As we’ve delved deeper into just what you can achieve via the likes of Camera Raw and Photoshop, the conversation in class has turned to whether the ability to manipulate images to such extremes equates to cheating. My initial thoughts were that – pre-digital – photographers had very little room for error. They had to get the actual shot right and would then spend hours in a darkroom working to transform their best negatives into their very best works. Conversely, nowadays, you can whack an image through Photoshop and not only remove imperfections with one quick click, but drastically alter how someone even really looks; be that by widening the bridge of their nose, giving them fuller lips or changing their actual eye shape, so that the actual finished work does not truly represent the subject before the lens. It seemed to me that the speed with which we can now improve/change a digital image – dramatically in some instances – did equal cheating. Basically, you can make a silk purse out of a sow’s ear, if you know what all those buttons on Photoshop actually do.

Zig, our tutor, was having none of it, and a heated debate ensued until Zig pulled out his defensive trump card: the work of two iconic photographers, taken well before digital photography was even a twinkle in Steve Sasson’s eye.
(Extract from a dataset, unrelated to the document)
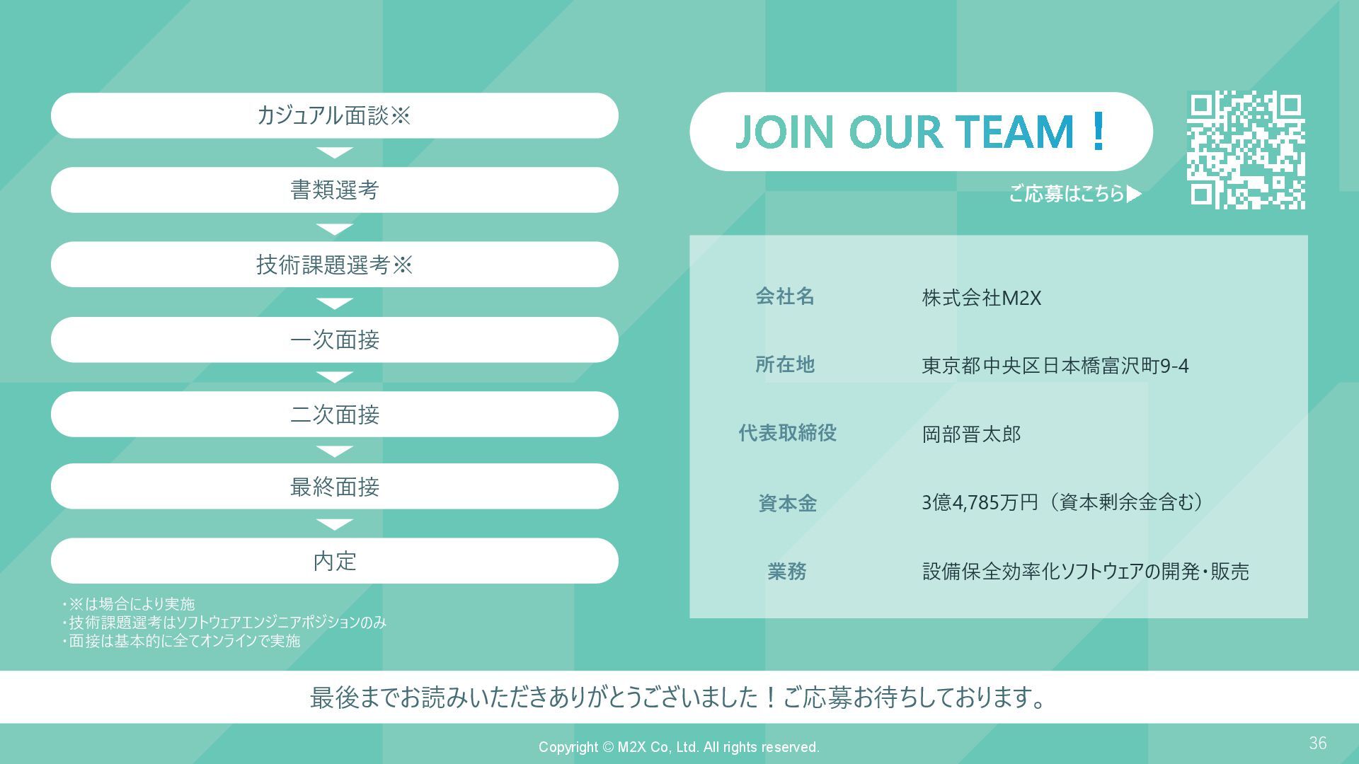 Copyright © M2X Co, Ltd. All rights reserved. 36 最後までお読みいただきありがとうございました!ご応募お待ちしております。

Bill Brandt’s use of artificial light; photomontage; reverse negatives and, when all else failed, a pencil to sketch in what was never there in the first place, was considered wildly unorthodox by some. In Halifax, Brandt added the smoke emerging from the factory tower, not that you’d ever know it at first glance. And while the two prints of People Sheltering in the Tube appear almost identical, bar the darkened depth of the second print, look closer and you will see that Brandt has edited out the elderly man in the right of the first print. Finally, the abstract, surreal air of Nude London highlights Brandt’s mastery of the retouching process.
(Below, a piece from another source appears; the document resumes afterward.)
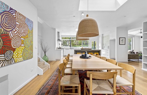 Located just near Pt Leo Estate, this house is nestled away in a cul de sac abutting a natural reserve. A long windy driveway awaits you. As soon as you arrive, like a switch, a sense of calm immediately descends upon you. Pop a bottle of champagne, get the fire started, run your favourite tunes through the speakers and start to relax and unwind.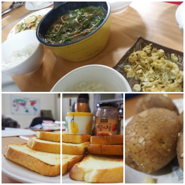 첫 번째로는 감자를 두 번째에는 빵을 마지막으로는 냉이된장국과 달걀 그리고 애호박부침을 통해 실천해보았습니다.

Meanwhile, Sir Cecil Beaton, CBE was regaled for his ability to capture a woman’s beauty but his flattering retouching skills were also legendary, as his Charwoman to Dowager attests.

Cecil Beaton, Charwoman to Dowager, 1930s c/o beetlesandhuxley.com

As we reflected on all the above, it suddenly dawned on me that if art never changed we’d still be stuck in some dank cave, losing our minds over wall paintings of stick men hunting buffalo and I’d never have gone to the David Hockney Exhibition at Tate Britain earlier this year. The very fact that photography is an ever (and fast) evolving art form is what makes it so varied and exciting. (It was about this time that I also decided to stop giving Zig a hard time about Photoshop being witchery).

As with all art, personal choice is everything. Whether you opt to use every trick in the book to create the image of your desire or,  like Henri Cartier-Bresson, take the purist route of only working with available light, never posing your subjects and never cropping your images, is up to you. Whether others like what you do is up to them. but it’s still art however you got there.

Or, to quote the great Bill Brandt (who, frankly, can do no wrong in my eyes and puts it far more eloquently):

‘Photography is not a sport. It has no rules.

Everything must be dared and tried.’ 

It’s a thought process that’s been a bit of a brain-worm for me these past few days as, having finally bought the Adobe Creative Cloud kit, I’ve been wiling away hours editing photo’s for this course’s final project. The levels of image manipulation now open to me seem endless and I’m saving snapshot after snapshot as I try to decipher what I’m trying to achieve. Undoubtedly, selecting the final five images is going to be the hardest part as I am rubbish at self-editing. But what matters ultimately, I suppose, is that I end up creating something that I’m happy with, or at least am pretty happy with and aware of the areas where my ideas fell short. Some people may like my work, others may not, but only by experimenting will I ever discover what works for me.